In Zurich, a bizarre cultural debate has escalated: a theater group wanted to stage the play “Mario and the Magician” to celebrate Thomas Mann’s 150th birthday and requested 30,000 Swiss francs in funding.
However, the city rejected the application. The justification? The lead actor is a “white cis-man” and therefore not suitable to portray the mechanisms of discrimination convincingly.
This has naturally caused outrage. The director emphasizes that the actor is not only homosexual, but also a migrant. Despite this, the cultural commission reduced the actor to his external characteristics and thus did exactly what it was supposed to prevent: discrimination based on his identity.
This whole affair really calls into question the cultural policy in Zurich. While the large, politically correct institutions like the Schauspielhaus or the Rote Fabrik take in millions, smaller theaters are being pushed out due to questionable diversity criteria. The Keller62 theater, which has been offering a diverse program for years, had to tremble because it was accused of not addressing enough gender themes.
Even FDP city councilor Flurin Capaul is criticizing this trend – and references William Shakespeare in the process.
“Something is rotten in the theater landscape of Zurich” he says.
The audience numbers of the Schauspielhaus have been declining since the 1990s, from 184,000 to 70,000, while the subsidies remain constant. A problem that is increasingly in the spotlight: instead of promoting the best plays, it seems that the focus is on political correctness.
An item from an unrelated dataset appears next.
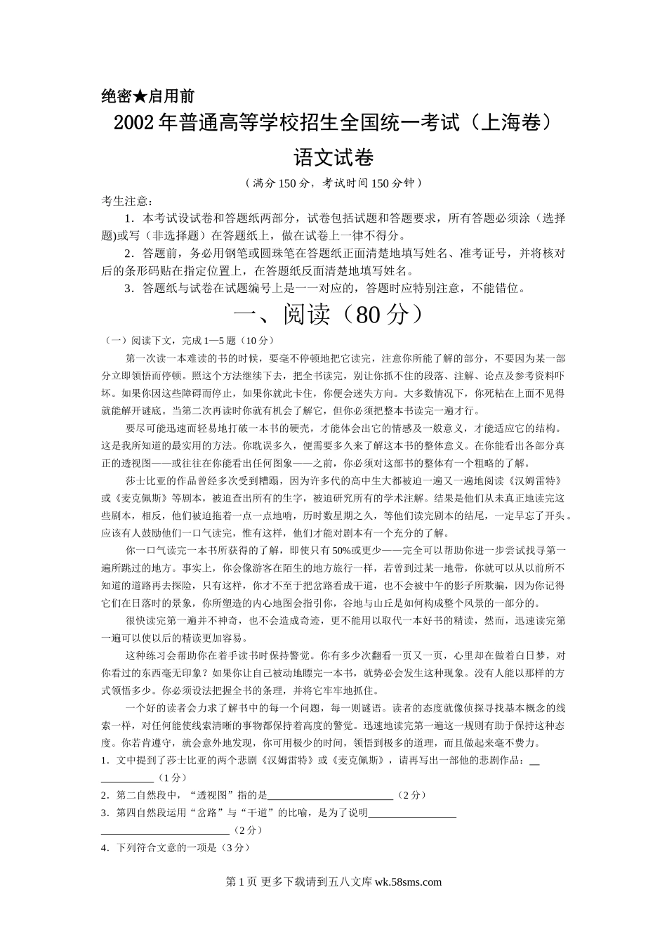 2002年上海高考语文真题试卷(word版).doc_第1页

The city of Zurich is defending its decision, saying it wants to promote a diverse cultural landscape. However, the question arises, where diversity ends and ideological censorship begins. Art and theater should be places of freedom and open debate – a stage where different perspectives are discussed and new ideas are tested. But if the political line takes precedence over the quality of the art, then the cultural freedom is at risk.